In some embodiments, computing system 60 may include a traffic signal detection module 84. In such cases the computing system may be configured to include a status of a detected traffic signal as part of a contextual commentary associated with a street sign and/or as a contextual commentary independently associated with the traffic signal. In this way, the computing system may notify a user whether or not it is safe to cross a street.
In some embodiments, computing system 60 may include an input-detection module 82 configured to recognize an input device (e.g., keyboard) including one or more textual images (e.g., keys with letter characters). The input-detection module 82 may be configured to detect common keyboard or other input device patterns (e.g., QWERTY, DVORAK, Ten-key, etc.). In this way, the computing system may formulate a contextual commentary notifying a user of a particular input device so that the user may better operate that input device.
In some embodiments, computing system 60 may include a clock-detection module 80 configured to recognize a clock including hour-indicating numerals arranged in a circle or other known clock pattern (e.g., oval, square, rectangle, etc.). The clock-detection module may be further configured to read the time based on the hand position of the clock relative to the hour-indicating numerals.
In some embodiments, computing system 60 may include a Braille-recognition module 78 configured to identify a Braille image in the live stream of images. The Braille-recognition module may include a Braille-conversion module to convert the Braille image identified by the Braille-recognition module into textual data, which can be vocalized, output as text on a display, and/or for which a contextual commentary may be formulated.
In some embodiments, computing system 60 may include a translating module 86 to convert a textual image of a nonnative language into textual data of a native language. For example, a user may specify that all textual data should be in the user's native language (e.g., English). If nonnative textual images are detected, the translating module may convert the textual images into native textual data and/or the translating module may be configured to convert nonnative textual data into native textual data.

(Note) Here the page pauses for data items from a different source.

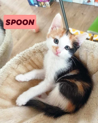 Spoon est une superbe chatonne tricolore, qui tient son beau pelage roux, blanc et noir de sa mère. D'une nature plutôt tranquille, elle exprime cependant son caractère flamboyant dès lors qu'il s'agit de se battre avec ses frères et soeurs et de leur mettre la pâtée ou bien de grimper sur vos genoux telle une conquérante. Déterminée mais douce, elle viendra s'assoir devant vous en vous regardant de ses grands yeux pour quémander une friandise ou un jouet.
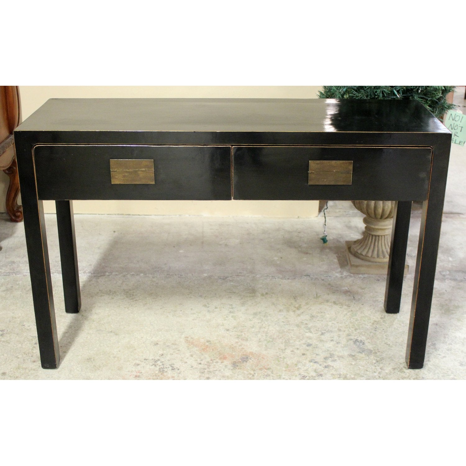 This piece features a black lacquer finish with clean, linear proportions and a contemporary silhouette. The two drawers are set with hinged rectangular brass pulls, adding a subtle contrast to the dark surface. Straight legs and a streamlined profile give it an understated look that aligns with Asian‑influenced design elements.
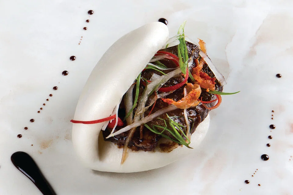 Once we get past fresh and familiar (our exceedingly pleasant server who takes pains to explain each dish, suggests that we order something from each category), spicy and umami territories are filled with edible land mines that we step on more often than not. There's potential for the kong bak pau-inspired braised beef brisket and kimchi in pillowy mantou buns (S$14) if they braised the dry and stringy brisket slices to the same melting tenderness of the original braised pork. Instead, the perky Korean spicy sauce that drenches the beef goes to waste.
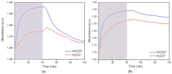 Temporal profiles for the HCOO* and H3CO* surface intermediates obtained during the in situ DRIFTS measurements carried out in the presence of (a) 0.5 Au/ZrO2 DP and (b) 0.5 Au/ZrO2 IMP catalysts. The shaded part represents the time period of the CO2/H2 reaction mixture flow, and the white colour represents the time period of the N2 flow.
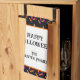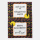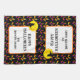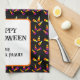 Ein niedliches, individuelles Halloween Küchentuch mit einer Hexe, die über einen Vollmond fliegt, auf einem farbenfrohen, gelben, orangefarbenen und lila Muster aus Süßmais mit grauem Briefe.
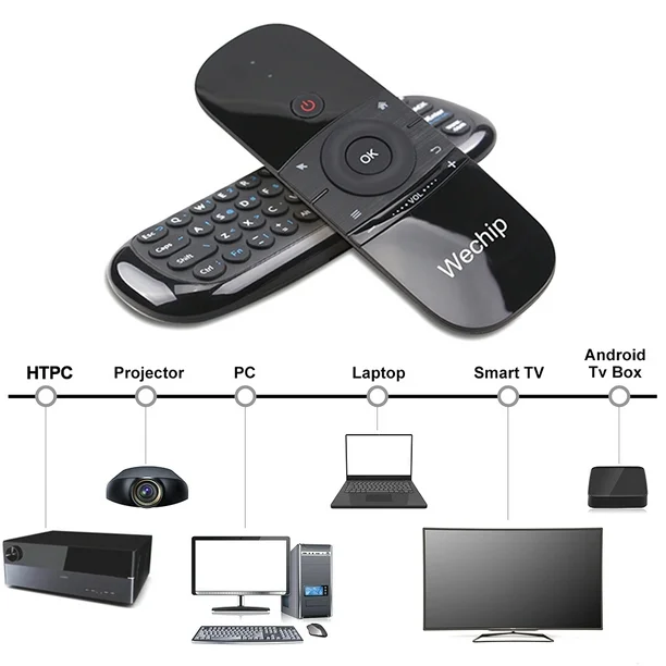WeChip W1 Universal TV Remote Air Mouse, Wireless Keyboard Fly Mouse 2.4GHz Connection Air Remote Keyboard Mouse for Android TV Box/PC/Smart TV/Projector/HTPC/All-in-one PC/TV (w1)

In some embodiments, the textual data in the native language can be displayed as an enhancement to the textual image of the nonnative language. That is, a native language version of a word can be displayed in place of, next to, over, as a callout to, or in some other relation relative to the textual image of the nonnative language. In this way, a user can view a display of the mobile computing device and read, in a native language, those signs and other textual items that are written in a nonnative language.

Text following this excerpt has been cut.